• **RECORDS FOR THIS EXERCISE**:

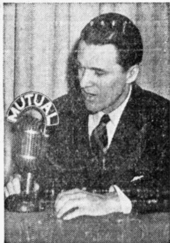
Don Dunphy, able young New York sportscaster, selected to do the blow-by-blow descriptions of the exclusive boxing bouts to be heard over KHJ and the coast-to-coast Mutual Don Lee Network, sponsored by the Gillette Safety Razor Company. His first assignment was the Louis-Corn heavyweight tussle. Press comment on Dunphy's work in the network airings has been full of praise. Dunphy was chosen by the sponsor after live and recorded auditions of 30 other announcers had been heard, and applications of some 30 more had been studied.
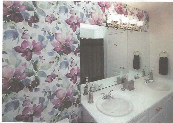
Opposite: This feng shui-inspired dining room features primary Fire and secondary Earth elements. Above left and right: The upstairs bedrooms are infused with Water and Metal, and Fire and Earth respectively; their shared bath (bottom right) uses Water, Metal, and Earth. Below right: The nursery crib faces the north wall in a room with Fire as its main element.

Two of the upstairs bedrooms—across the hall from each other in southeast and southwest positions—serve as guest rooms and share a bath. The east guest room has Metal and Water as its primary and secondary elements, so the walls are painted blue, and metal frames and lamp bases were incorporated to increase luck and health. By contrast, the west guest room's primary and secondary elements are Fire and Earth, so paintings with red hang on plum walls. "We loved the plum color," says Taylor, "because we had always intended to use that cream-colored tufted headboard in that room, and the plum color made that a perfect choice. The red in the paintings is really unexpected, but just looks great."
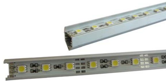
Figure 4. Actual Photo of Shap-ended ATLS5050
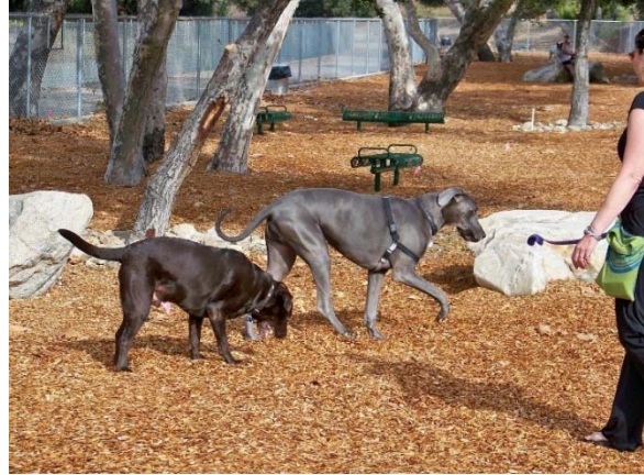
Photos from Crescenta Valley Dog Park

As a part of the development of the Crescenta Valley Dog Off-Leash Area, DPR also established departmental policy and procedures for dog off-leash areas (see Appendix B), which include guidelines on location selection, design features, maintenance and operational practices, and recommended enforcement.
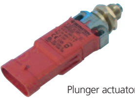
Plunger actuator - panel mounting
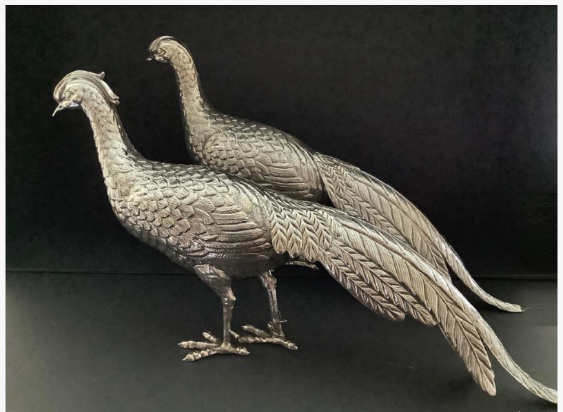
Pair of Spanish-made sterling silver super large pheasants with Star maker's mark, the male 7 ½ inches tall and the female 6 ¼ inches in height (est. $2,400-$3,200).

new condition (est. $3,000-$5,000); a vintage Maitland Smith bronze sculpture depicting a pair of
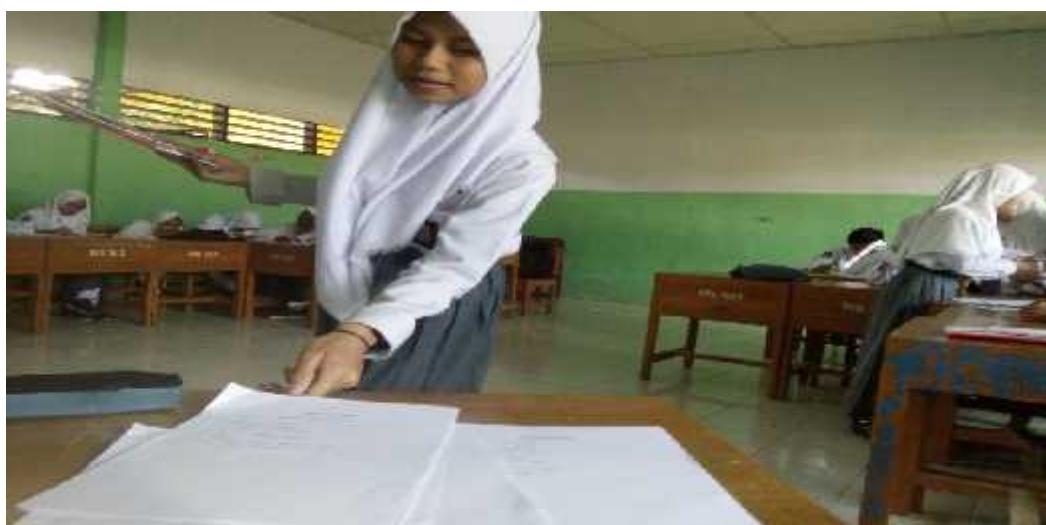
She was collecting the questionnaire.
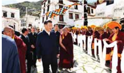
Chinese President Xi Jinping visits the Drepung Monastery located in the western suburbs of Lhasa, southwestern China's Tibet Autonomous Region on Thursday

Xi, also General Secretary of the ruling Communist Party of China (CPC) and Chairman of the Central Military Commission, met top officials of the Tibet Military Command of the People's Liberation Army, guarding China's border with India in Arunachal
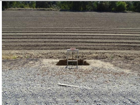
View of WS looking from levee crown
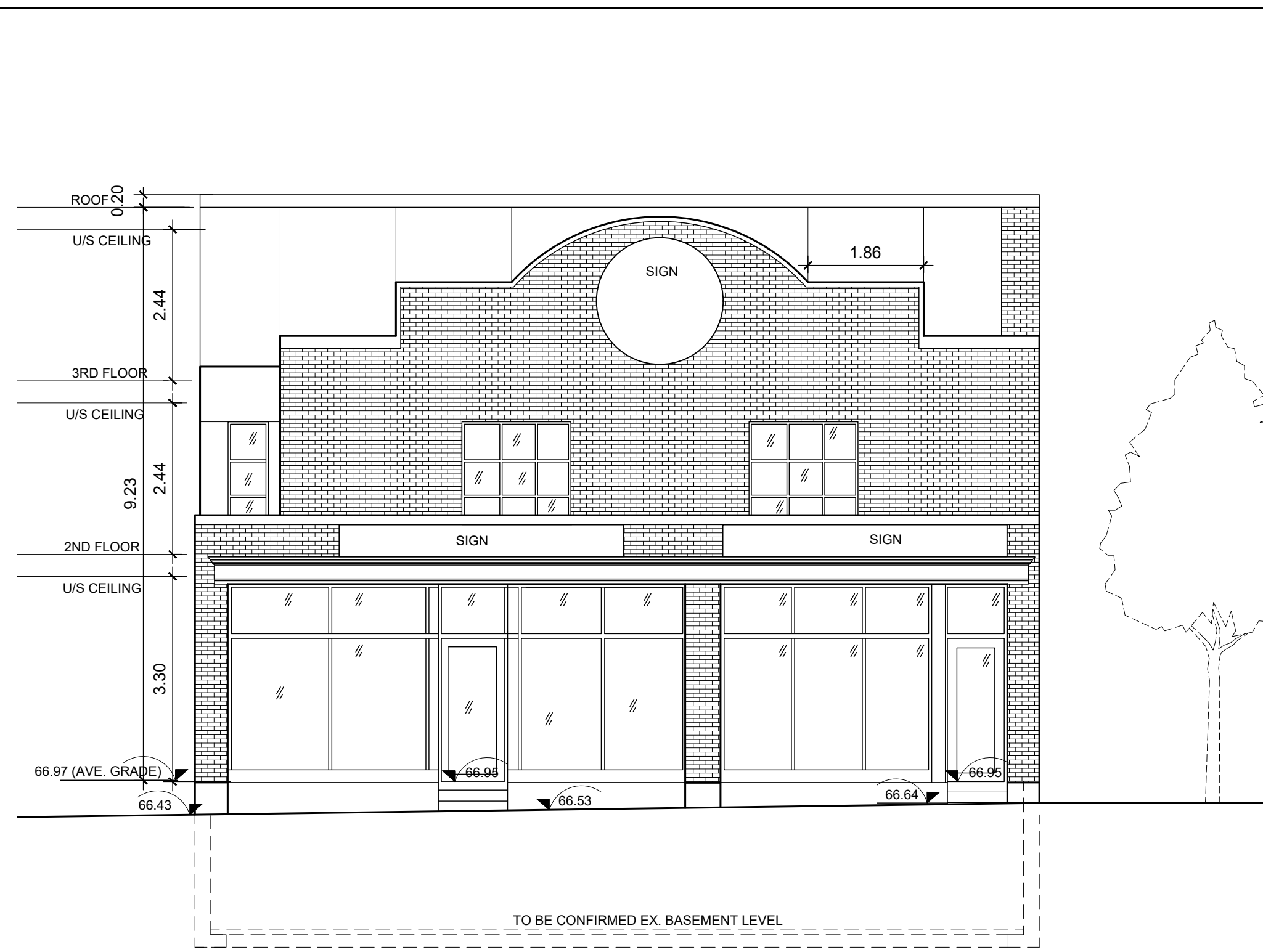
1 EL NORTH ELEVATION SCALE: 1/75

• **EXERCISE REQUIREMENTS**: Skipping the pictures, print the lines in the listing above exactly as written, starting at the line with "As a part of" and ending at the line with "Chinese President Xi", both included.

• **ANSWER TO THIS EXERCISE**:
As a part of the development of the Crescenta Valley Dog Off-Leash Area, DPR also established departmental policy and procedures for dog off-leash areas (see Appendix B), which include guidelines on location selection, design features, maintenance and operational practices, and recommended enforcement.
Plunger actuator - panel mounting
Pair of Spanish-made sterling silver super large pheasants with Star maker's mark, the male 7 ½ inches tall and the female 6 ¼ inches in height (est. $2,400-$3,200).

new condition (est. $3,000-$5,000); a vintage Maitland Smith bronze sculpture depicting a pair of
She was collecting the questionnaire.
Chinese President Xi Jinping visits the Drepung Monastery located in the western suburbs of Lhasa, southwestern China's Tibet Autonomous Region on Thursday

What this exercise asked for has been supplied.